PARIS, 9 juillet (Le Parisien Matin) – Le gouvernement français a officialisé le lancement d’un programme d’aide d’urgence de 145 millions d’euros destiné à soutenir les agriculteurs face à la flambée des prix des engrais azotés. Cette hausse des coûts, provoquée par les tensions géopolitiques au Moyen-Orient et les perturbations majeures au niveau du détroit d’Hormuz, menace la rentabilité des exploitations nationales.
Le dispositif repose sur une enveloppe de 107 millions d’euros provenant de la réserve de crise de l’Union européenne, complétée par 38 millions d’euros de fonds publics français. L’objectif premier est de relancer les achats d’intrants, de stabiliser la trésorerie des fermes et de garantir la viabilité des récoltes pour 2027.
Le programme prévoit une aide financière échelonnée en fonction de la situation des exploitations. La subvention de base est fixée à 50 euros par tonne d’engrais azoté, dans la limite de la moitié de la consommation totale enregistrée par l’agriculteur en 2025.

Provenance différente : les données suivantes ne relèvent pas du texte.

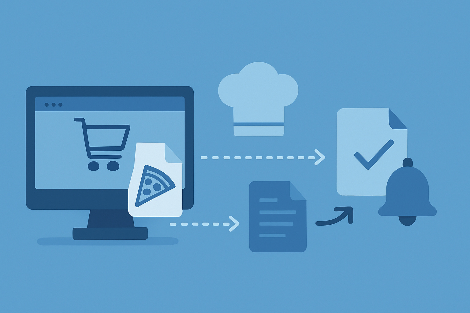 orders enter the system → kitchen reacts independently.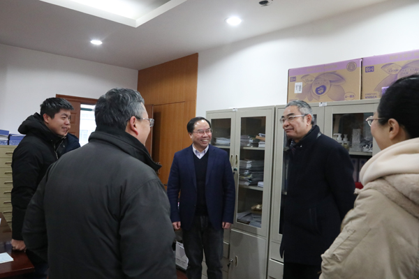 2月19日是新学期行政人员上班第一天,党委书记龚建立、校长赵东福走访机关各部门看望教职工。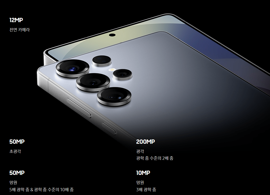 | 갤럭시 S25 울트라 | 200MP | 12MP | 50MP (5배 줌) + 10MP (10배 줌) |

Pour les exploitations les plus exposées, le montant de l’aide est porté à 70 euros par tonne. Ce tarif majoré s’applique spécifiquement lorsque les dépenses liées aux engrais représentent plus de 10 % des charges d’exploitation totales de la ferme.
Annie Genevard, ministre de l’Agriculture, a souligné la nécessité de cette intervention publique pour contrer les impacts des crises internationales sur la production nationale.

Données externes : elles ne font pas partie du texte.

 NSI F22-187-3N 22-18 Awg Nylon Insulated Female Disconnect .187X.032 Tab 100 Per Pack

« Nous refusons de laisser une crise géopolitique internationale conduire nos agriculteurs à renoncer à produire. Soutenir les achats d’engrais aujourd’hui signifie préserver les récoltes de demain et protéger les revenus des agriculteurs », a déclaré la ministre lors d’une conférence de presse.
Parallèlement à cette aide d’urgence, la France a dévoilé un programme d’investissement industriel de 2 milliards d’euros sur une période de dix ans. Le gouvernement prévoit une injection directe de 620 millions d’euros de fonds publics pour moderniser les sites existants et développer de nouvelles capacités de fabrication d’engrais azotés bas carbone.

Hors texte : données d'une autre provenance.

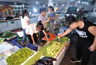 凌晨3點半,孩子們到北山市場批發蔬菜,大家忙著討價還價。
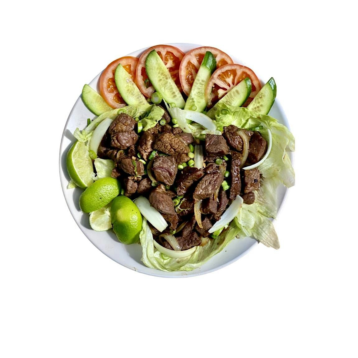 In this workshop component, participants will be introduced to Lok Lak Sach Ko (ឡុកឡាក់សាច់គោ), a classic Cambodian stir-fried beef dish known for its bold, savory flavors and signature lime pepper dipping sauce. The session will highlight key techniques such as marinating, quick searing, and balancing flavors that define this beloved Khmer recipe. This presentation offers a glimpse into a staple dish that reflects both everyday Khmer cooking and its French-influenced culinary heritage.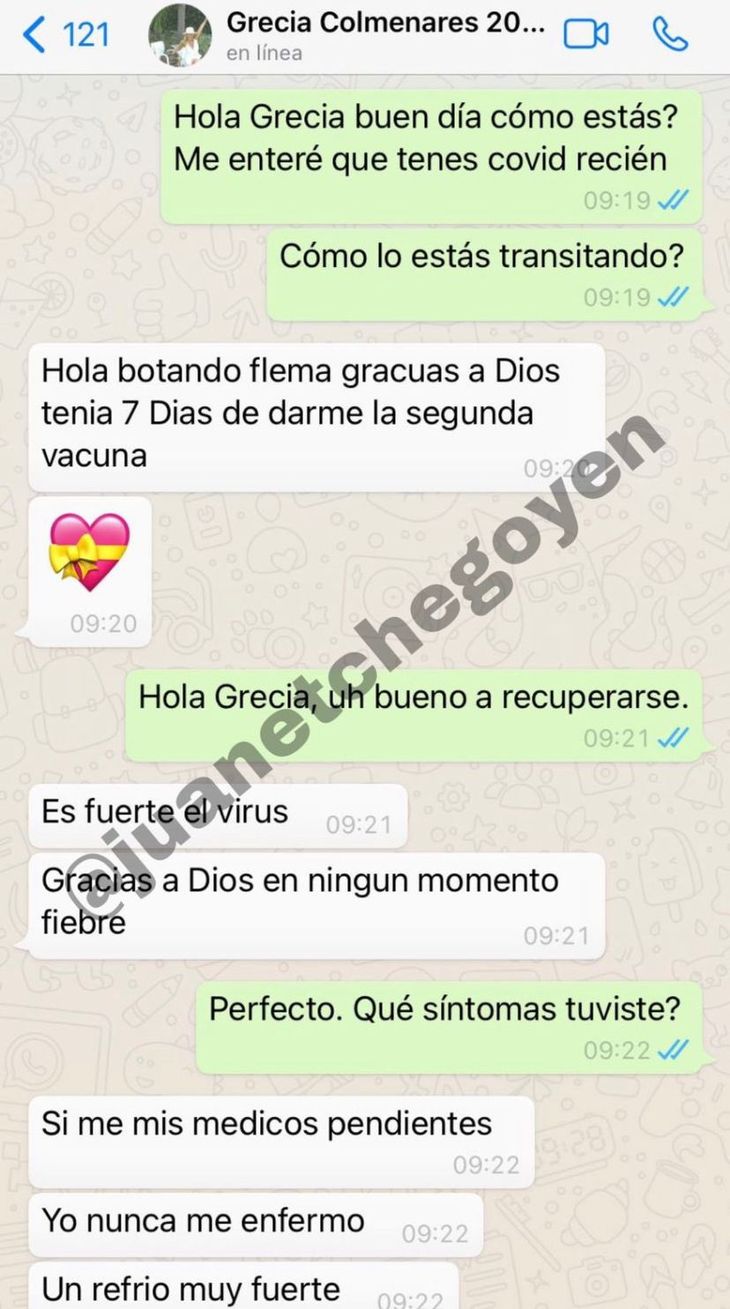 Además, el comunicador informó que Grecia tuvo falta de gusto y que se sintió cansada en los últimos días.

Ces investissements stratégiques visent à accroître la production nationale d’engrais azotés de 20 % d’ici 2032. Cette initiative cherche à réduire à terme la dépendance de la France vis-à-vis des voies de commerce mondiales soumises à une forte volatilité.
Le gouvernement maintient une vigilance constante sur l’évolution du marché des intrants. Une évaluation formelle de la situation sera réalisée le 1er octobre prochain. À cette occasion, les autorités analyseront notamment les corrections de marché induites par les négociations de cessez-le-feu entre les États-Unis et l’Iran.
Si les prix demeurent à des niveaux excessivement élevés au-delà de l’automne, des mesures de soutien supplémentaires pourraient être déployées par l’exécutif pour accompagner le monde agricole.